7 thoughts on “A Naked Turkey and a Challenge

  1. Hey Crystal,
    I use to work with your awesome mother-in-law and keep in touch with her daily. Anyway back to your question. Ways I save, combining coupons with sales, using white vinegar, borax, baking soda for all my cleaning needs. Using a steam cleaner for my floors. The upfront cost for the steam cleaner can be high, but it saves in the long run. Making my own laundry detergent. Stocking up on meat and anything else we need when it goes on sale. Including clothes, shoes etc. We try not to pay full price for anything. I also learned that if something is not going to spoil I stock up as much as I can to get us to the next sales cycle. Such as soups, sugar and things only go on sale certain times of the year usually in the fall. So I try to get enough to make it till the next fall. That may sound crazy, but it has helped us out a lot. If you want more ideas or more in depth information feel free to email me. I love reading your blogs :o ). Your just awesome!!

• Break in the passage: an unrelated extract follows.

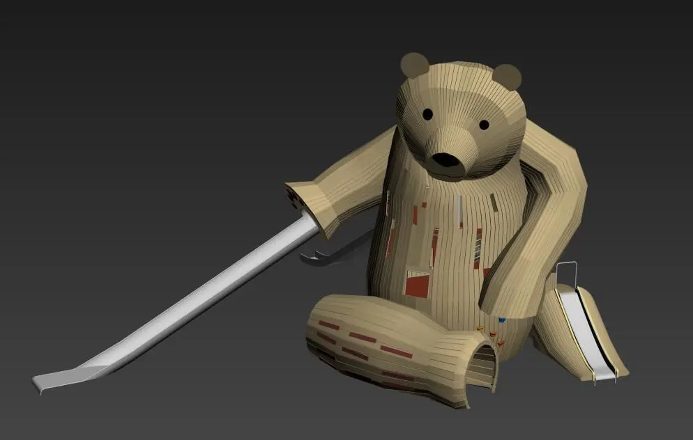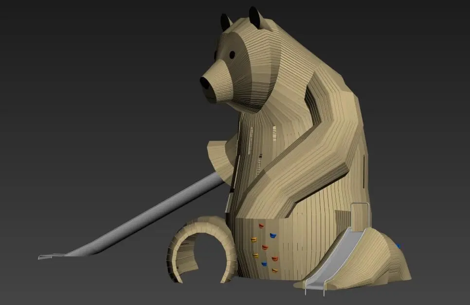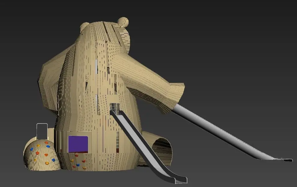 Custom Design Non-standard wooden Bear Theme Playground equipment.This is a large-scale comprehensive wood amusement equipment.Wooden play structure include drilling, climbing, swing, sliding and ect. Wood bear inner have four floor, total could take 15-25 kids play together.This playground equipment suggest site size is 15*15*7m.

    • Ah, thanks Jenn! And thanks for all the really great tips! I haven’t ever made my own laundry soap, I have always wondered if it worked as well as the purchased stuff. Thoughts?

      • crystal we have had great success with homemade laundry detergent. I have two different recipes and we like both of them. My sister has recently started making a different one and also really likes it. We don’t have a dishwasher, but I too have looked at the dishwasher soap recipes. I also make our liquid hand soap now from bar soap very easy and works just as well we think. It can also be used as bodywash. The awesome thing about the homemade detergent is its great for sensitive skin and can be used on baby clothes.

  2. I have made my own laundry detergent just recently. I think it cleans just as good as the store bought. I have also seen recipes for homemade fabric softener and dishwasher detergent that I plan on trying.

  3. I know you do NOT want me to post here what my b-i-g moneysaving tip is :) So let me just say that I’m proud of you for having a plan. I’m proud of you for giving yourself grace. And, I’m proud of you for undertaking yet another challenge. Your successes are building. Hooray for you!

    • I think you have a great BIG money saving tip, the year of no buy zone is awesome and I bet pretty tough. Thank you for all your encouragement dear lady!